It seemed no part of the state is spared. Zabarmari then becomes a milepost in the heinous journey undertaken by these rampaging terrorists. The village had always been one of those sleepy string of farming villages around Maiduguri. Even when I was a kid in the early 1960s, I had known it as Zabarmari, obviously named after the Zabarmawa ethnic Hausas from Kebbi State who had settled in the village as workers on the land. Zabarmari along with Gungolong village sit on a very fertile plain called Jere Bowl where rice and wheat could be cultivated commercially. I recall that when I worked in the Chad Basin Development Authority in the late 70s and 80s we had plans for a 20,000 ha project for both rain-fed and irrigation cultivation of rice and wheat in the Jere Bowl. However, this was jettisoned in the late 1980s with the coming of Alau Dam upstream, which had dammed the Ngada river flowing into the Jere Bowl.

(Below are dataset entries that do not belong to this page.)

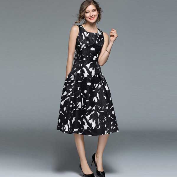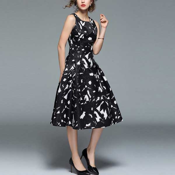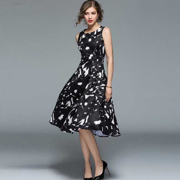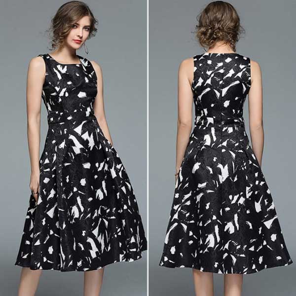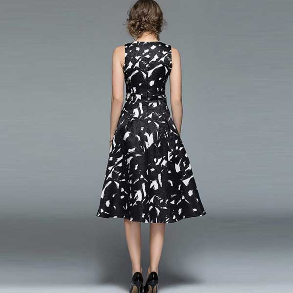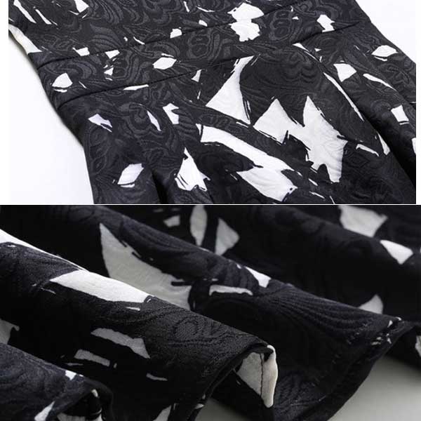 ジャガードのシックな風合いが素敵な黒 大きな花柄のパーティードレス【ON324】
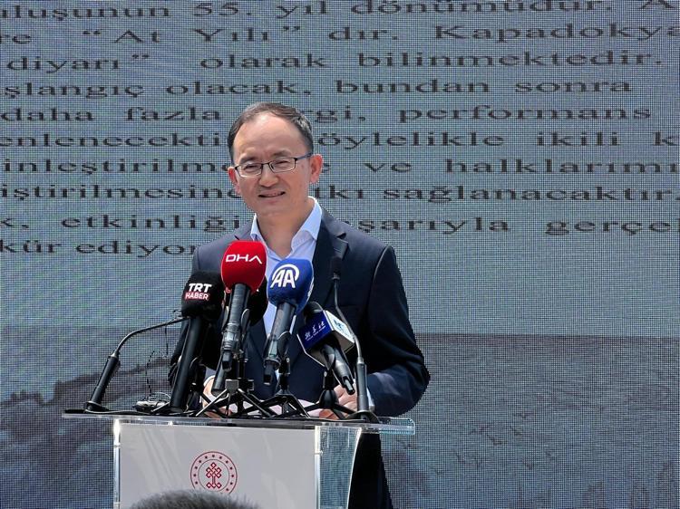 Çin’in Ankara Büyükelçisi Jiang Xuebin ise Kültür ve Turizm Bakanlığı ve Çin Halk Cumhuriyeti Ankara Büyükelçiliği tarafından ortaklaşa düzenlenen 'Nevşehir Kültür Yolu Festivali' kapsamında gerçekleştirilen 'Çin Kaligrafi ve Resim Sergisi'nin açılışına katılmaktan büyük memnuniyet duyduğunu ifade etti. Büyükelçi Jiang Xuebin, Türkiye ile Çin arasındaki ilişkilerin her alanda geliştiğine dikkat çekerek, "Çin ve Türkiye, Asya kıtasının doğu ve batı ucunda yer almaktadır. Bin yıllık İpek Yolu, iki ülkeyi birbirine sıkı sıkıya bağlamıştır. Son yıllarda, Çin Devlet Başkanı Sayın Xi Jinping ve Türkiye Cumhurbaşkanı Recep Tayyip Erdoğan'ın stratejik liderliğinde Çin-Türkiye ilişkileri gelişme eğilimini korumakta, beşeri münasebetlerimiz sürekli olarak çoğalmakta, kültürel iş birliğimiz derinleşmekte, kültürel miraslar, gösteri sanatı gruplarının karşılıklı ziyaretleri ve turizm tanıtımı gibi birçok alanda iş birliği gerçekleştirilmektedir" diye konuştu.
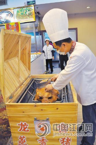 走新侨大酒楼,评审团成员就被一种木制的笼子所吸引。笼子里放置着一头蒸好的猪。有食客需要,大厨林金来就切一小块给他们。
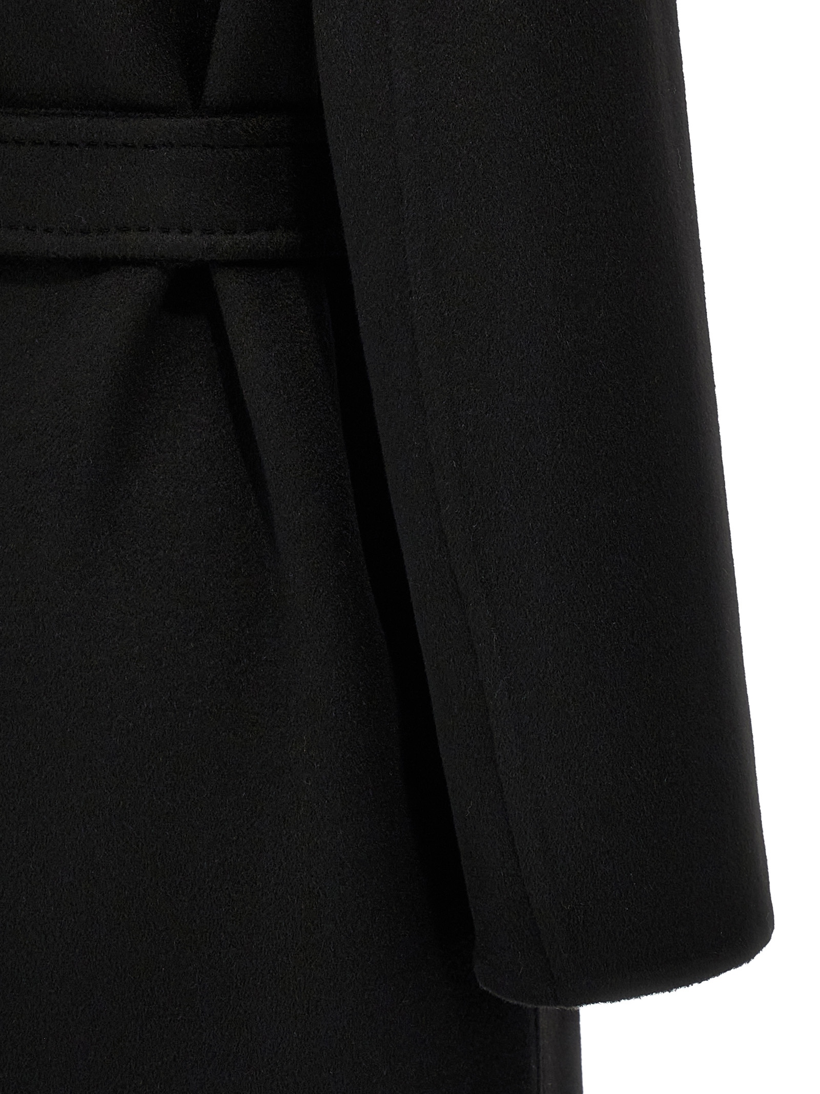 ‘Melinda’ midi coat in double cashmere fabric with robe style, long sleeves with dropped shoulder, pockets, back slit, removable belt.

Probably due to the fact that the Zabarmawa came from Kebbi where rice cultivation was the practice they found it easy to acculturate in the area. But the first wave of migration must have come there on their way to Mecca, at that time when Hajj could only be made by road. Maiduguri, due to its strategic location in the region, had always been the main gateway for Nigerian pilgrims – then known as takari – before travelling to Mecca by air became the norm. My father was the major pilgrim agent in Maiduguri and had many houses surrounding us in Fezzan ward as pilgrim camps. I literally grew up in their midst. Many of the pilgrims that could not continue the journey for one reason or the other settled permanently in Borno. Those who remained in Borno went where their skills took them. Those who had a farming bent ended up in the plains around Maiduguri such as Zabarmari. The Zabarmari settlement grew as their kith and kin joined them over the years.
It is a great tragedy that Zabarmari, the quiet backwater that it was could be projected to international infamy by the evil acts of a few. It is the hope of many that Zabarmari would be the last milestone in this horrifying journey. Many eyes had run dry. There are no more tears to be shed. Governor Zulum has given two viable options. If the Nigerian Armed Forces are handicapped, then mercenaries could be contracted to finish the job. In the alternative, the civilian JTF could also be armed, and suitably trained, to supplement the regular soldiers.